Think about them all the time, as have many more capable minds than mine!

Fermi paradox
Pale blue dot
optimistic nihilism
Many worlds / multiverse Heisenberg uncertainty principle

Fitz.


----------



## Spectric (15 Apr 2021)

francovendee said:


> When answering the question 'Did he think that life existed other than on earth?' he said he doubted it.


There you go, an odd answer from someone who is a highly regarded Physicist , although nowhere near the level of Einstein. A good scientist should have an open mind until such time evidence comes to light to support or dismiss an argument.

A good quote is:

As a human being, one has been endowed with just enough intelligence to be able to see clearly how utterly inadequate that intelligence is when confronted with what exists.


----------



## Fitzroy (15 Apr 2021)

Spectric said:


> Physics is a good example where they produce theories to things they cannot understand and people will believe until someone elses theory overides it, yes we really know very little apart from what is continously rejugated and or passed around through generations.



There are no proofs in science, only maths. 

"_They produce theories to things they cannot understand and people will believe until someone else's theory overrides it_" - you've basically reworded the scientific method. Either you accept what you don't understand and stand still, or you develop a hypothesis about a situation, and test your hypothesis against evidence. If the evidence is supportive you work with your hypothesis, but continue to test as new evidence become available and update/abandon as required. 

Fitz.


----------



## Ozi (15 Apr 2021)

Spectric said:


> There you go, an odd answer from someone who is a highly regarded Physicist , although nowhere near the level of Einstein. A good scientist should have an open mind until such time evidence comes to light to support or dismiss an argument.
> 
> A good quote is:
> 
> As a human being, one has been endowed with just enough intelligence to be able to see clearly how utterly inadequate that intelligence is when confronted with what exists.


If I may quote ACC "If an elderly but distinguished *scientist says* that *something is possible*, *he is almost certainly right*; but if *he says* that it is *impossible*, *he* is very probably *wrong*."


----------



## D_W (15 Apr 2021)

Fitzroy said:


> There are no proofs in science, only maths.
> 
> "_They produce theories to things they cannot understand and people will believe until someone else's theory overrides it_" - you've basically reworded the scientific method. Either you accept what you don't understand and stand still, or you develop a hypothesis about a situation, and test your hypothesis against evidence. If the evidence is supportive you work with your hypothesis, but continue to test as new evidence become available and update/abandon as required.
> 
> Fitz.



But there are proofs in math!! working through them let me know that I would stop my math degree after bachelor of science and leave the proofs to the people who could do them 4 times as fast as I could.


----------



## Fitzroy (15 Apr 2021)

francovendee said:


> I remember Brian Cox exploring in depth what was needed to come together to sustain some form of life and how amazing that it did on earth.
> When answering the question 'Did he think that life existed other than on earth?' he said he doubted it.



Seemed unlikely that this would be Brian Cox's view so I had to go and research.
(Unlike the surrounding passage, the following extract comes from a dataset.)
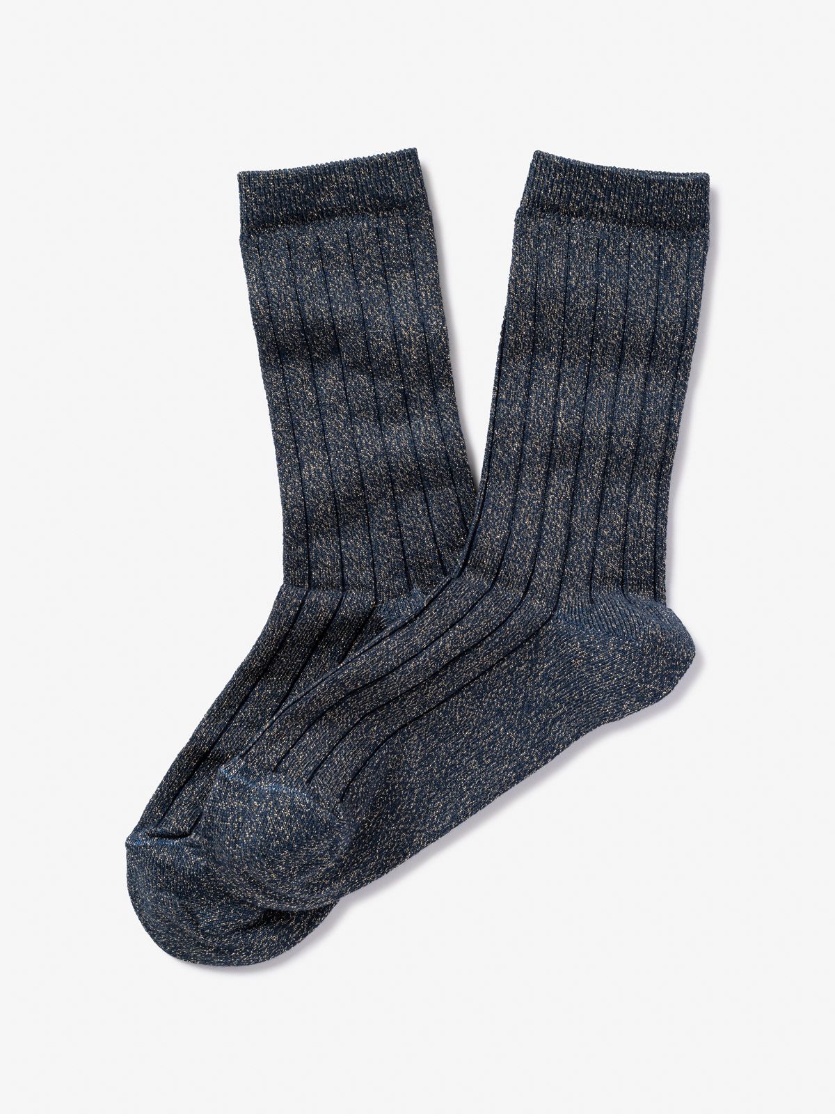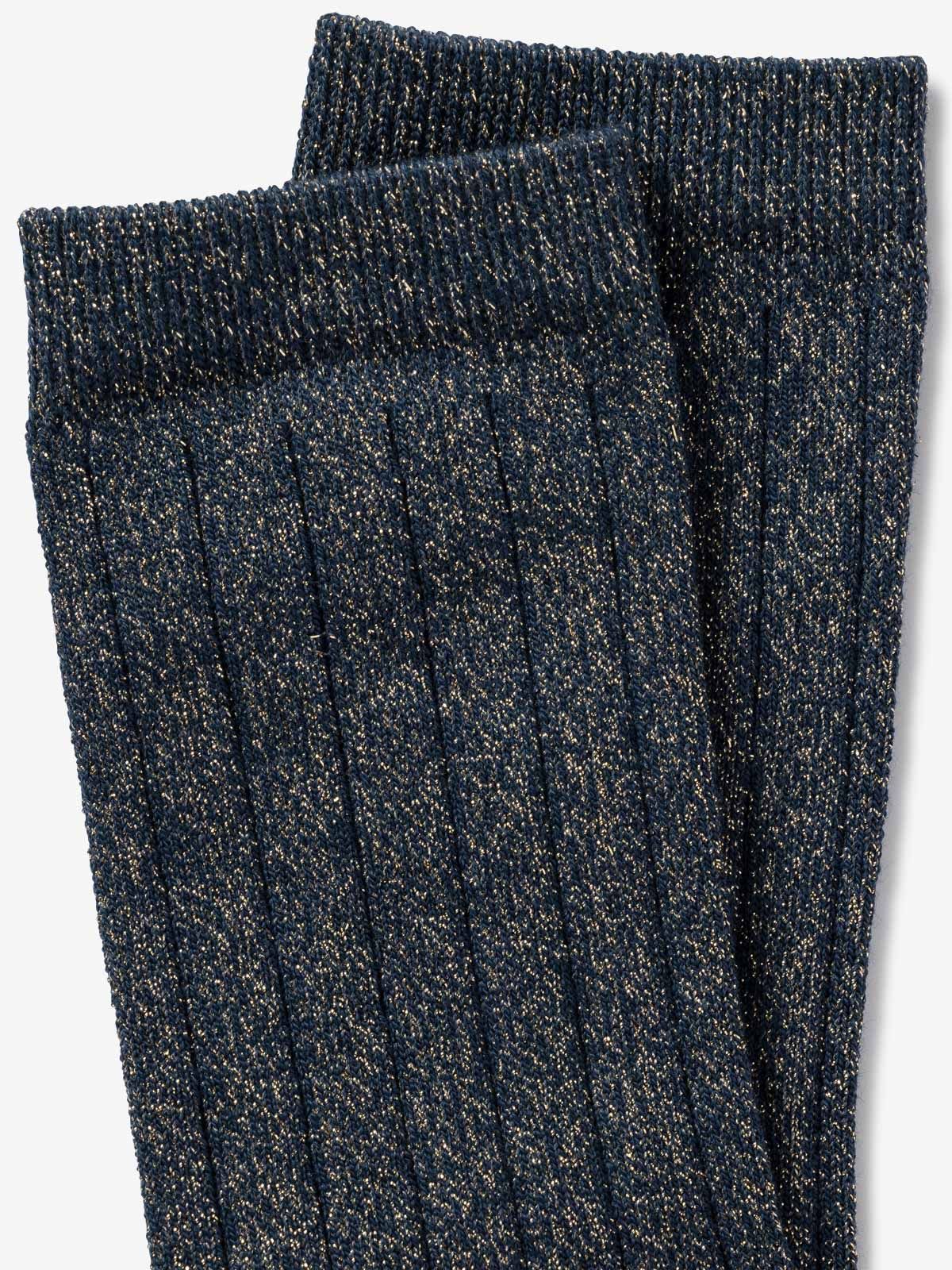 Sokken Micky van Royalties voor dames. Deze sokken zijn in blauw glitter met contrasterende ribbels. Combineer ze met mocassins of in je favoriete schoenen. Is one size van 36-41.

As far as I can see this is the basis for this missunderstanding, from a BBC programme.

"There is only one advanced technological civilization in this galaxy and there has only ever been one -- and that's us," Professor Cox, 

He does not discount life elsewhere, and thinks it likely that we would find simple life elsewhere in the solar system.

Regards

Fitz.


----------



## selectortone (15 Apr 2021)

Voyager 1, launched in 1977 to study the outer planets is travelling at 35,000mph and it took 40 years to reach the edge of the solar system. At its current speed, it will have to travel for something like forty thousand years to reach the nearest star in our Milky Way galaxy. It would take approximately 1,756,500,000 years to cross our Milky Way from one end to the other.

And after that, the nearest galaxy to The Milky Way is the Andromeda Galaxy, 2.5 million light years away. 2.5 million years for a radio signal to reach Earth. And that's the nearest galaxy - observations from the Hubble telescope suggest that there are hundreds of thousands of galaxies in our universe. And is there more than one universe?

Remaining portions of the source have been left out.